- DATA FOR ANALYSIS -

####

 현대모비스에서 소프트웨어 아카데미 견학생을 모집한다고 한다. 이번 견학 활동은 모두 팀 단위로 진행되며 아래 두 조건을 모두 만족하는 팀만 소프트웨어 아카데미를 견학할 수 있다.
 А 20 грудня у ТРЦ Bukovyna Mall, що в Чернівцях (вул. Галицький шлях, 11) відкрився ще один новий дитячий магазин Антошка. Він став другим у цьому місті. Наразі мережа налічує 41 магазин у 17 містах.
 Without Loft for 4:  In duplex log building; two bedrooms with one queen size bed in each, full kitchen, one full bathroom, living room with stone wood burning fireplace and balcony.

####

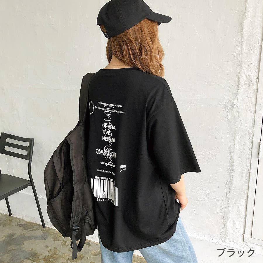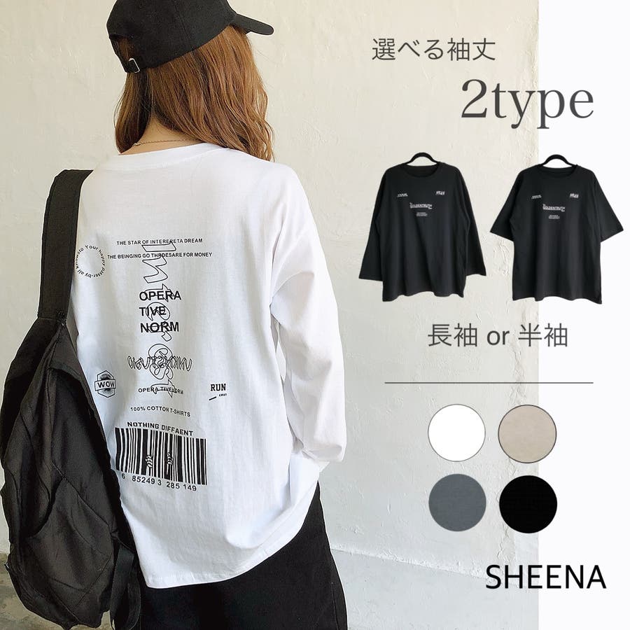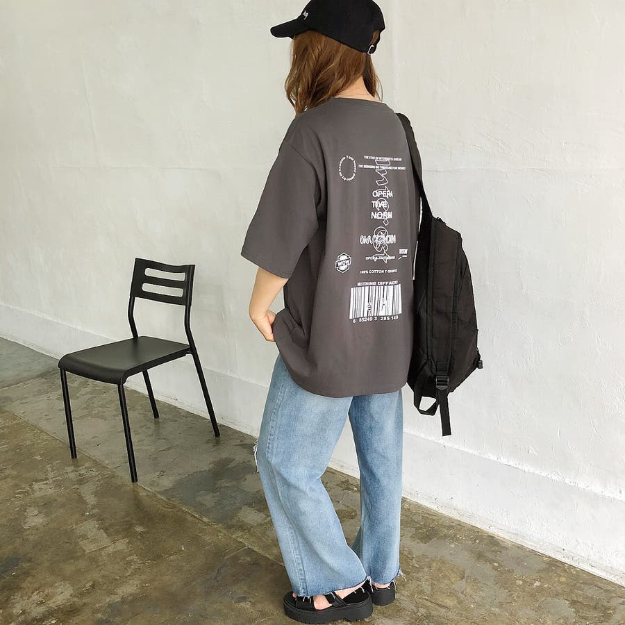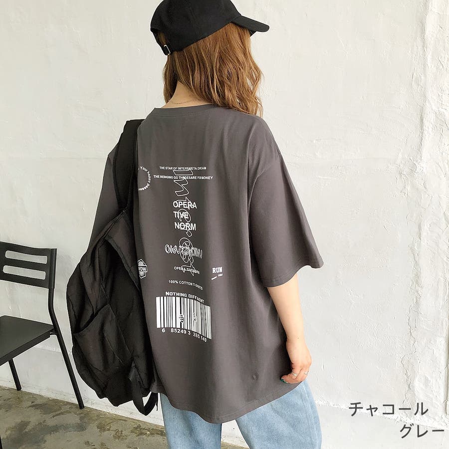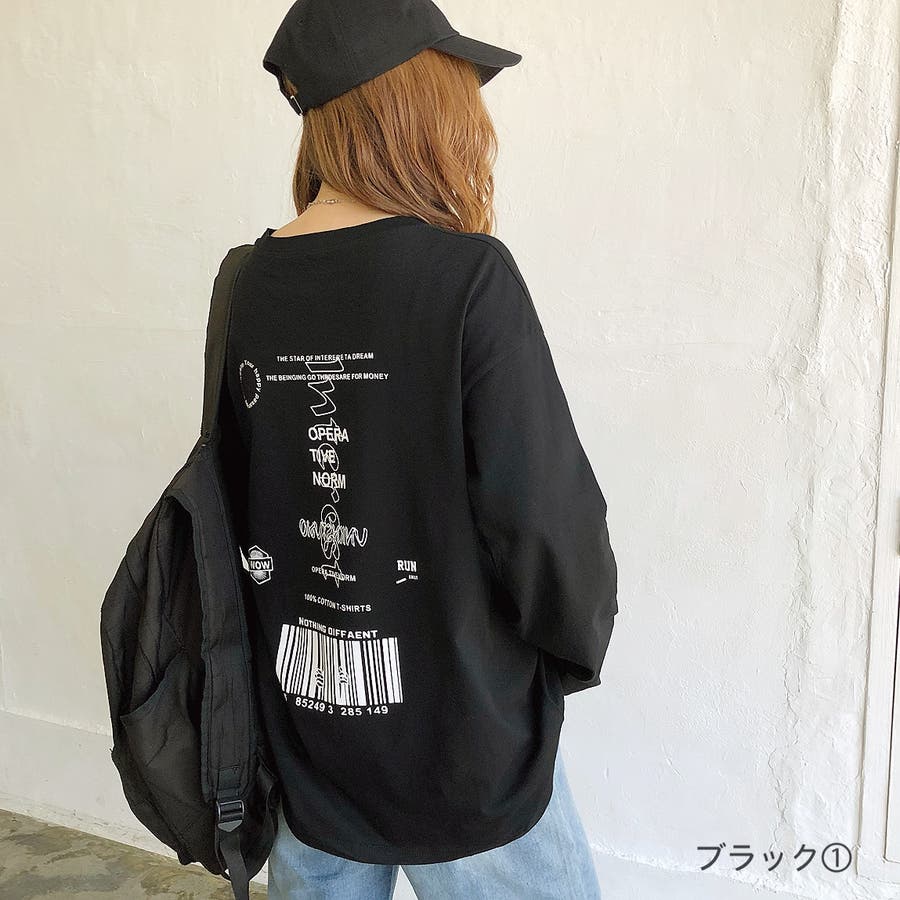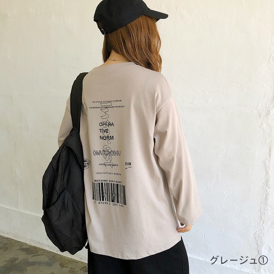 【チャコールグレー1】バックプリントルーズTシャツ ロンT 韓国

####

- TASK DESCRIPTION -
Return, unchanged, the run of lines above that opens with the line containing "현대모비스에서 소프트웨어 아카데미" and closes with the line containing "Without Loft for". Include both.

- RESPONSE TO THIS TASK -
 현대모비스에서 소프트웨어 아카데미 견학생을 모집한다고 한다. 이번 견학 활동은 모두 팀 단위로 진행되며 아래 두 조건을 모두 만족하는 팀만 소프트웨어 아카데미를 견학할 수 있다.
 А 20 грудня у ТРЦ Bukovyna Mall, що в Чернівцях (вул. Галицький шлях, 11) відкрився ще один новий дитячий магазин Антошка. Він став другим у цьому місті. Наразі мережа налічує 41 магазин у 17 містах.
 Without Loft for 4:  In duplex log building; two bedrooms with one queen size bed in each, full kitchen, one full bathroom, living room with stone wood burning fireplace and balcony.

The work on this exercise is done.